In this blog we will review how to set up a self-hosted integration runtime in Azure Purview and demonstrate how to use it in setting up a scan for an on-prem SQL Server.
Background on Self-Hosted Integration Runtimes
The Integration Runtime (IR) is compute infrastructure used by Azure Data Factory to provide data integration capabilities across different network environments. You can set a linked service which defines a target data store or a compute service along with a defined activity. The IR is the bridge between the activity and linked service and provides the compute environment where the activity either runs on or gets dispatched from. There are several types of Integration Runtime (IR) but we will be focusing on Self-hosted integration runtimes.
First navigate to the Management Center in the Purview Studio and select Integration Runtimes.

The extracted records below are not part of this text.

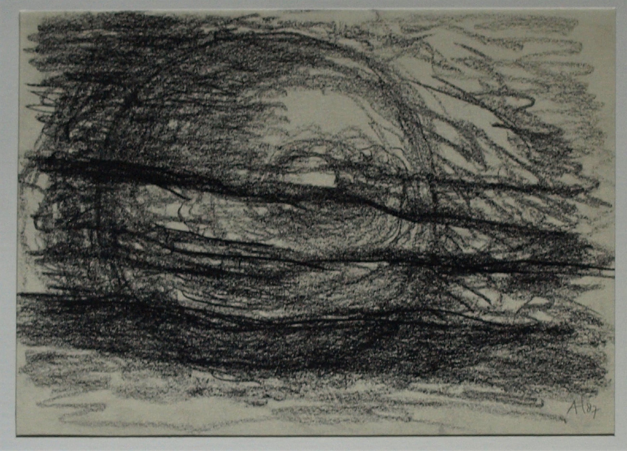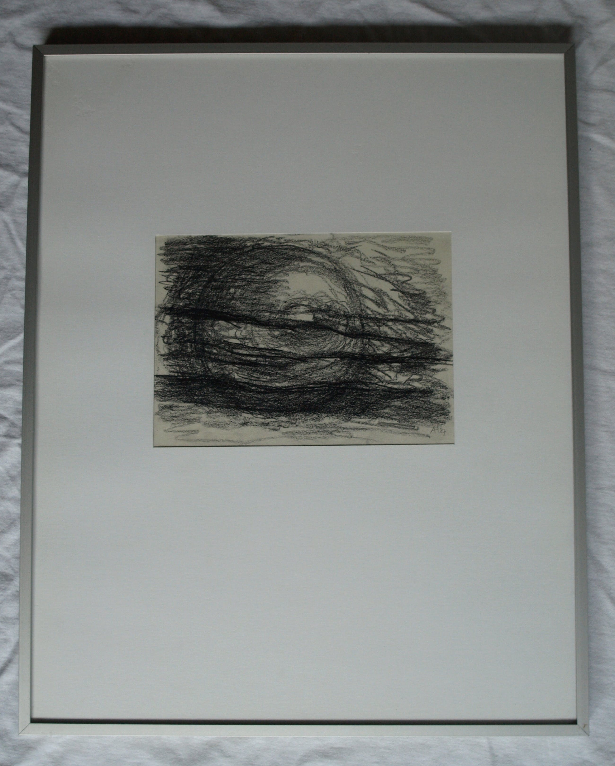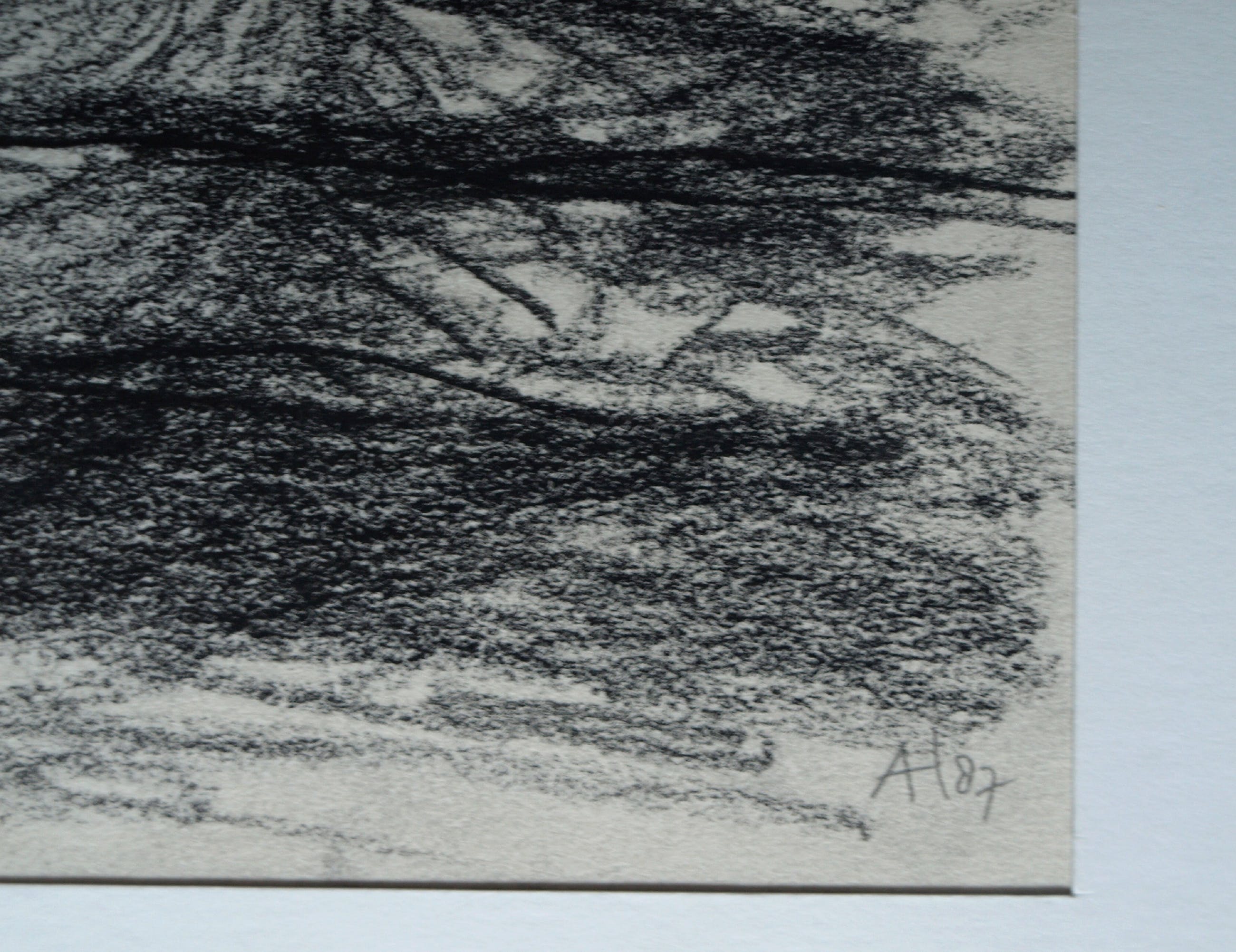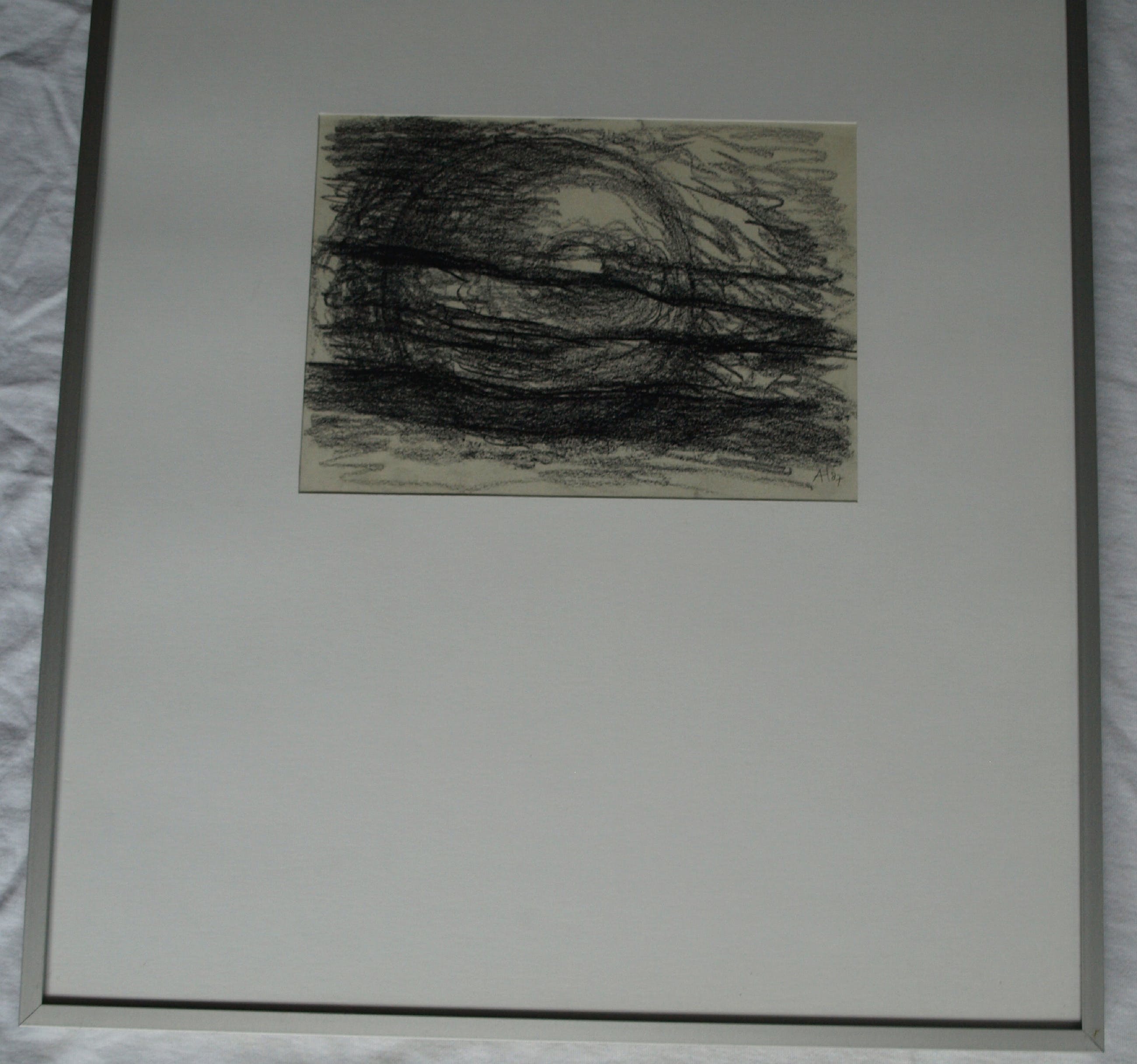 Een ingelijste tekening uit 1987 van een ons onbekende kunstenaar.
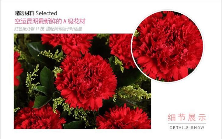 热烈的红色康乃馨,配上暖暖的红色系包装,徜徉在的幸福的花园里,温暖在心里涌起,明媚的阳光悄然洒满我们的心底!
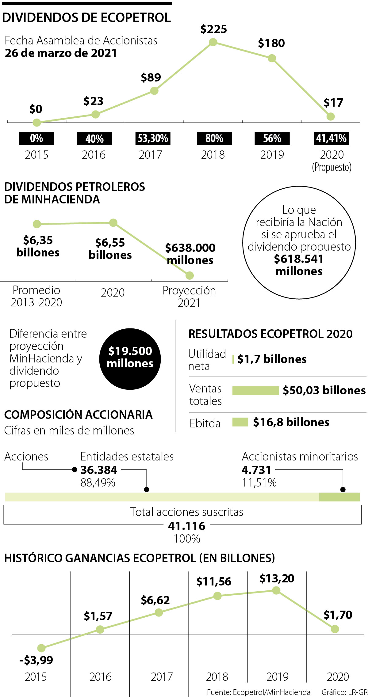 “Repartir cerca de 41% de la utilidad ajustada (parte baja del rango que va de 40% a 60%) es una decisión positiva y una buena señal respecto a la compañía: no repartir mucho en un momento difícil para el sector y reinvertir más. Muestra compromiso de parte del Gobierno que, en últimas, está sacrificando dividendos”, anotó Andrés Duarte, director de renta variable en Corficolombiana.
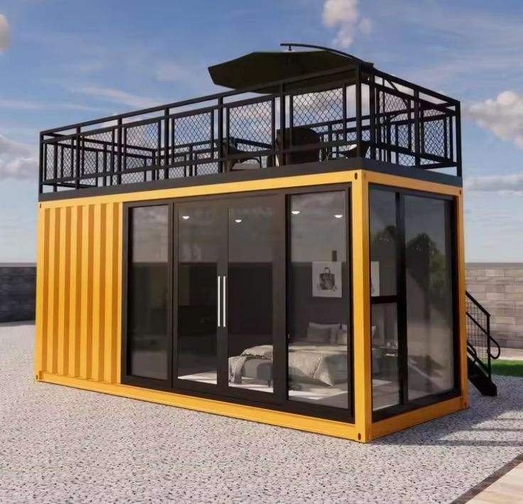 บ้านคอนเทนเนอร์ทันสมัยที่สะดวกสบายสำหรับการแกลมปิ้ง ห้องพักสำเร็จรูปฉนวนกันความร้อนและทนทานต่อสภาพอากาศ แผงแซนวิชสำหรับห้องนั่งเล่นสุดหรู
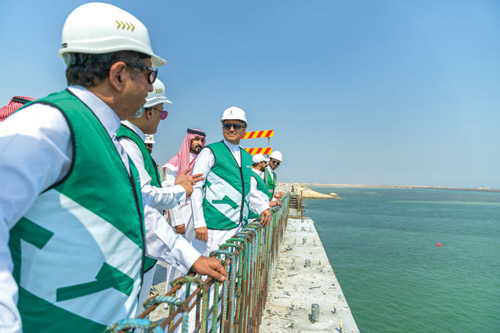 وقف معالي وزير النقل والخدمات اللوجستية رئيس مجلس إدارة الهيئة العامة للطرق المهندس صالح بن ناصر الجاسر على مشروع طريق (صفوى/ رحيمة) بطول 15 كم، الذي يتضمن الجسر البحري (صفوى/ رأس تنورة) والذي يعد الأول من نوعه داخل المملكة، حيث تفقد معاليه برفقة معالي رئيس الهيئة العامة للطرق المكلف المهندس بدر بن عبدالله الدلامي، سير العمل في المشروع ومعدلات الإنجاز.

Select New at the top, select Self-Hosted and press Continue.
Enter the name that you want for the Integration Runtime along with any description you would like to add and click Create.
Then follow the steps for the Manual setup. Make sure to download and install the integration runtime into the self-hosted machine where you want to run it.
Navigate through the Setup Wizard to install the Integration Runtime
After finishing this you will have to insert the authentication key in step 4 into the input box shown in the image below. You will not need to change the proxy.
After the key is verified, go ahead and register the runtime. Verify the information regarding the node name and click finish.
Now that you have set up the SHIR on-premises, you can use it to bring certain sources into Purview. We will demonstrate this with the scanning of SQL Server on-prem.
Navigate to Azure Purview and Register a SQL Server source
Make sure to enter the name of the source along with the Server endpoint
After this, configure your scan by entering the following information on Scan name, selection of the Integration Runtime we have created from earlier, Server endpoint (which should already be filled in), and the credential for SQL Authentication. Continue through and run through the scan similarly to other sources by selecting the rule sets and recurrences.
Congratulations! You have now set up your Integration Runtime and can scan through SQL Servers and much more!